PROBLEM TO WORK ON
Scan the material and copy every line in which "sleeve" appears.

-.-.-

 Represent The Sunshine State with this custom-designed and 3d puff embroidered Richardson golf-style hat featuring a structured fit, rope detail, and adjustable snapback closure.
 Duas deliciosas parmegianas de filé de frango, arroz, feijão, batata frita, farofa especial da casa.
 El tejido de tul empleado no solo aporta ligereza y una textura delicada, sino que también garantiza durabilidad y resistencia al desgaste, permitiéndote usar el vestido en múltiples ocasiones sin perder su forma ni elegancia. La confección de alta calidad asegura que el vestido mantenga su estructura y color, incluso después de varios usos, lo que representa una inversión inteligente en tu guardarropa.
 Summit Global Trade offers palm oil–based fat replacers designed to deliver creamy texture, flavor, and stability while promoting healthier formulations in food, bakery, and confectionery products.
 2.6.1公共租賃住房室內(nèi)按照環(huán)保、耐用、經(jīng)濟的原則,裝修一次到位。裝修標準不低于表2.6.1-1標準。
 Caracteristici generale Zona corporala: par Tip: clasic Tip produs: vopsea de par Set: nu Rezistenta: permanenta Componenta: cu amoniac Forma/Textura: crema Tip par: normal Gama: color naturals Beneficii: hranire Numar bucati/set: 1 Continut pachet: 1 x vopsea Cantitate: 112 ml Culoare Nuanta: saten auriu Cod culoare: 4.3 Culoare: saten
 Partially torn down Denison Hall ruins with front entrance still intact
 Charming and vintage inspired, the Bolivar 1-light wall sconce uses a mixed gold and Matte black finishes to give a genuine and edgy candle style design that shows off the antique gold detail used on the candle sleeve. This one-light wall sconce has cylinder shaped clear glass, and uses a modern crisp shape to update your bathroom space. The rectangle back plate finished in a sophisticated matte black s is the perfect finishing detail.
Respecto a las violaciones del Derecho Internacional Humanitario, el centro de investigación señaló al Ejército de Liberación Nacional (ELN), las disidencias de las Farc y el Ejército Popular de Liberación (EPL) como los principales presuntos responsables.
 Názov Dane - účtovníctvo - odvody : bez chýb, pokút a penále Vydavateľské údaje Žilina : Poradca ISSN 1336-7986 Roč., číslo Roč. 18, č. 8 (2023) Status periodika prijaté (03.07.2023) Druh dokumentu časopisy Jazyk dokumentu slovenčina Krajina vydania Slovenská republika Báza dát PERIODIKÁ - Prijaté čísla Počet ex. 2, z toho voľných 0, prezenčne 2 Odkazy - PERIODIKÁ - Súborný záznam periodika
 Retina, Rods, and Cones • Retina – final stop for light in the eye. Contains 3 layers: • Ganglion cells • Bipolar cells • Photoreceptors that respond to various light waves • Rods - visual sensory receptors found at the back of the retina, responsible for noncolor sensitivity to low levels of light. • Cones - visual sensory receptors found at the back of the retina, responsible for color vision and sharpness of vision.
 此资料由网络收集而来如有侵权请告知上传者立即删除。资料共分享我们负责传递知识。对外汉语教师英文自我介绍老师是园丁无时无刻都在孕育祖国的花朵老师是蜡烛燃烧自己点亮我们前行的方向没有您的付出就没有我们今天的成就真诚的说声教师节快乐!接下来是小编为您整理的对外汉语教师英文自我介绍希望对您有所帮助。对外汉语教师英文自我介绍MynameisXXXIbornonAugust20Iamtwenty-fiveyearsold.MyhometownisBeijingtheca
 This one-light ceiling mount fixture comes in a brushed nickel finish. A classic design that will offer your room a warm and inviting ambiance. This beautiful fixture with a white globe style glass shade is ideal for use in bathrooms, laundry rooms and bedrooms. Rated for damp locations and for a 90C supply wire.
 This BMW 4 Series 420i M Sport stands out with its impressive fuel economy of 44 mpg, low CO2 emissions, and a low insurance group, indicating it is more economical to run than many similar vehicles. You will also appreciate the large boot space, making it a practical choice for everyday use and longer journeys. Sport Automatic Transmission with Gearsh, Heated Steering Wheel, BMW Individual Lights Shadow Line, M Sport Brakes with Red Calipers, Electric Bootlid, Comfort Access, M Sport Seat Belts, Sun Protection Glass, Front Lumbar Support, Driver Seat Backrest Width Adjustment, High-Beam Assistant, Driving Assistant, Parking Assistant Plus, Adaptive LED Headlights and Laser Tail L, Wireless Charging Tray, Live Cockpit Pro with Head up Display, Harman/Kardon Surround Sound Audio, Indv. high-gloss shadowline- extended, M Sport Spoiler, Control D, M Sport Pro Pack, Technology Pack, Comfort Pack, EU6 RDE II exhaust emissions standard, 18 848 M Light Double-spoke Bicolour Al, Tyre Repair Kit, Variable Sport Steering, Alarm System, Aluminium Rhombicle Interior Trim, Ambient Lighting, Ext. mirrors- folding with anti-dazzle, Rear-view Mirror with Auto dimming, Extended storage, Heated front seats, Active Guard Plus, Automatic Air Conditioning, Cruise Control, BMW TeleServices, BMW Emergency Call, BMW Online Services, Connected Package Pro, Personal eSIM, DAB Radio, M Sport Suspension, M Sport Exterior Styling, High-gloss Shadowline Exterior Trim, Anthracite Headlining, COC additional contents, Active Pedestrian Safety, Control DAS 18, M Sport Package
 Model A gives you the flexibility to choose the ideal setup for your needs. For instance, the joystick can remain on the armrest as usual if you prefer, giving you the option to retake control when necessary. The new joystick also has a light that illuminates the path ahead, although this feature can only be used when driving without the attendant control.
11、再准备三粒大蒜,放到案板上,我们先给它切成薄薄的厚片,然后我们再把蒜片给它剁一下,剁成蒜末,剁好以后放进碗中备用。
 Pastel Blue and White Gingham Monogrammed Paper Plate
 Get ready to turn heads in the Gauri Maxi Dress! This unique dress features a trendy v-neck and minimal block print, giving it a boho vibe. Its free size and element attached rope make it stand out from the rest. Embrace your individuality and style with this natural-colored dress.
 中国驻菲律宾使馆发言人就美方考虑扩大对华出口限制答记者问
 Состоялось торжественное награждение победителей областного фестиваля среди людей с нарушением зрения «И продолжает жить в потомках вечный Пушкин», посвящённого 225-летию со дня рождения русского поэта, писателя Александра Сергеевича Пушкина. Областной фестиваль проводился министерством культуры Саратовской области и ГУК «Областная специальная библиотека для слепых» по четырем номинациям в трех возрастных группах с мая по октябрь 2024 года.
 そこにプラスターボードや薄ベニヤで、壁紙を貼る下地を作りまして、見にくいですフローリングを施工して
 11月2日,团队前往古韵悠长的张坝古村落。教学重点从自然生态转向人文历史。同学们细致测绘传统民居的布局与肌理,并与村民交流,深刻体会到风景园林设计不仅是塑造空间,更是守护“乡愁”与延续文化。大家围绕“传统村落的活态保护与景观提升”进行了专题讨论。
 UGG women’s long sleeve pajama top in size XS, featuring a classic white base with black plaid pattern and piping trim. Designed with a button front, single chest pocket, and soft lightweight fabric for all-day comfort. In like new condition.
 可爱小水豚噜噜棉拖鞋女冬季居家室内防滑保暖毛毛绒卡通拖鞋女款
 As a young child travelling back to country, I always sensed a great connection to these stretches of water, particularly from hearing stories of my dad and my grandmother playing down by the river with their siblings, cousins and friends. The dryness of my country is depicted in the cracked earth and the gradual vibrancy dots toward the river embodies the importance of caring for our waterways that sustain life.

-.-.-

SOLUTION FOR THIS TASK
 Charming and vintage inspired, the Bolivar 1-light wall sconce uses a mixed gold and Matte black finishes to give a genuine and edgy candle style design that shows off the antique gold detail used on the candle sleeve. This one-light wall sconce has cylinder shaped clear glass, and uses a modern crisp shape to update your bathroom space. The rectangle back plate finished in a sophisticated matte black s is the perfect finishing detail.
 UGG women’s long sleeve pajama top in size XS, featuring a classic white base with black plaid pattern and piping trim. Designed with a button front, single chest pocket, and soft lightweight fabric for all-day comfort. In like new condition.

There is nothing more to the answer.